This afternoon I drove home across the Forest after spending a few hours with an old friend in Brockenhurst. We worked together for over thirteen years so it is always good to see her again and catch up with her news. The roads were quiet so I stopped and got my camera out when I saw this sturdy New Forest filly foal grazing beside the verge.
In recent years, the Verderers and New Forest commoners have reduced the number of stallions running on the Forest and have also reduced the time when they are able to find the mares. Thankfully there are now fewer foals being born and their quality has improved. This is good for the breed but also better for the individual youngsters, who should hopefully find good homes or be kept to graze the Forest and become future brood mares.
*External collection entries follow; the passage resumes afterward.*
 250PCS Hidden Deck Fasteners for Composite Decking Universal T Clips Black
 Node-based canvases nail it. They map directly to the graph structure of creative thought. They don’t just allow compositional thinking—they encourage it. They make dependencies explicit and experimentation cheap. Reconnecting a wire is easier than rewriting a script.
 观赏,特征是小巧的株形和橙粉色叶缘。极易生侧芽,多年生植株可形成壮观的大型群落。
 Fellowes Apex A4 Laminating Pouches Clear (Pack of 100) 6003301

This filly could well be one who stays with her family group for the rest of her life, hefted to the particular area of the New Forest that is her home. She was not sticking close to one mare so I couldn`t work out who her mother was, but they were all nice ponies in good condition after the warm rain which has encouraged the grass to grow.
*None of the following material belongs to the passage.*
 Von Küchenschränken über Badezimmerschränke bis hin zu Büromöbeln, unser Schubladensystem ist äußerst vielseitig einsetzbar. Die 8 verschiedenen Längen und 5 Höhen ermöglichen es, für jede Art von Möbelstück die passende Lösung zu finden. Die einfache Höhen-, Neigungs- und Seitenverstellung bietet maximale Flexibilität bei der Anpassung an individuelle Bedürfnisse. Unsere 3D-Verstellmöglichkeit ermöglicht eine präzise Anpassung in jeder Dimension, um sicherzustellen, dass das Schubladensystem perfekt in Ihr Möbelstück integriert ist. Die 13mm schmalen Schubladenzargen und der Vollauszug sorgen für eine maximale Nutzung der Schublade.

A confident youngster , growing well. All she needs to do is to stay away from the road, especially at night......
9 comments:
Wyoming had miles of areas that were designated as 'open range' so in addition to wild animals one had to watch for cattle or horses in the road. I think of England as being heavily populated, even in teh country, so it seems strange to me that the New Forest ponies aren't contained.
The efforts to control the breeding make sense.
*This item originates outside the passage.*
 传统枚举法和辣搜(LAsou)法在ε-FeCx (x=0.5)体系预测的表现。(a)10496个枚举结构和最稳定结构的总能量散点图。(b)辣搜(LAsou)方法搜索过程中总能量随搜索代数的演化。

I am so envious of your rain and green grass!
Beautiful! Thanks for sharing,
I find it hard to keep driving through the forest when I see them so close to the roads! Just want to get out the car and move them back a bit, especially as some car drivers don't bother slowing down at all. They do look healthy, though!
Good to see them with some condition on them - I used to hate seeing the mares looking like hatracks . . . A nice chunky foal and reasonably traffic-wise already I should think.
All very interesting information to me. I think all I have learned about the New Forest ponies I have learned from you and one or two other blogs. I'll keep visiting.
Oh dear, BB. Do you sometimes find them dead on the road at night? It happens here with deer and sometimes with lambs on the moorland - but somehow it seems much worse with lovely little foals.
I am so intrigued by the fact your live near a place called the New Forest and when you dive you can see mares and folds. They look wonderful.
I do worry about the roads and drivers who seem not to care.
cheers, parsnip
It is so wonderful to see creatures that are still truly free, even though they must learn to live with the dangers of our modern world.
Here, we sometimes catch sight of badgers foraging in the garden in the dead of night. So, far I have spotted one adult and four fluffy-looking cubs. I wonder where they live - I think I would feel much more at ease with ponies.
Thank you for your visit. Mary Wollstonecraft would have been much happier to see a New Forest Common than an artfully contrived landscaped garden.
Anna
One way they keep the pony count down up on Assateague Island in Virginia is the famous pony swim and penning by the Chincoteague Volunteer Fire Department on the Fourth of July.
I've seen the wild ponies on Assateague, but never the pony swim as we go in the fall. I understand the whole operation has grown by leaps and bounds and the tourist outnumber the locals there by ten to one.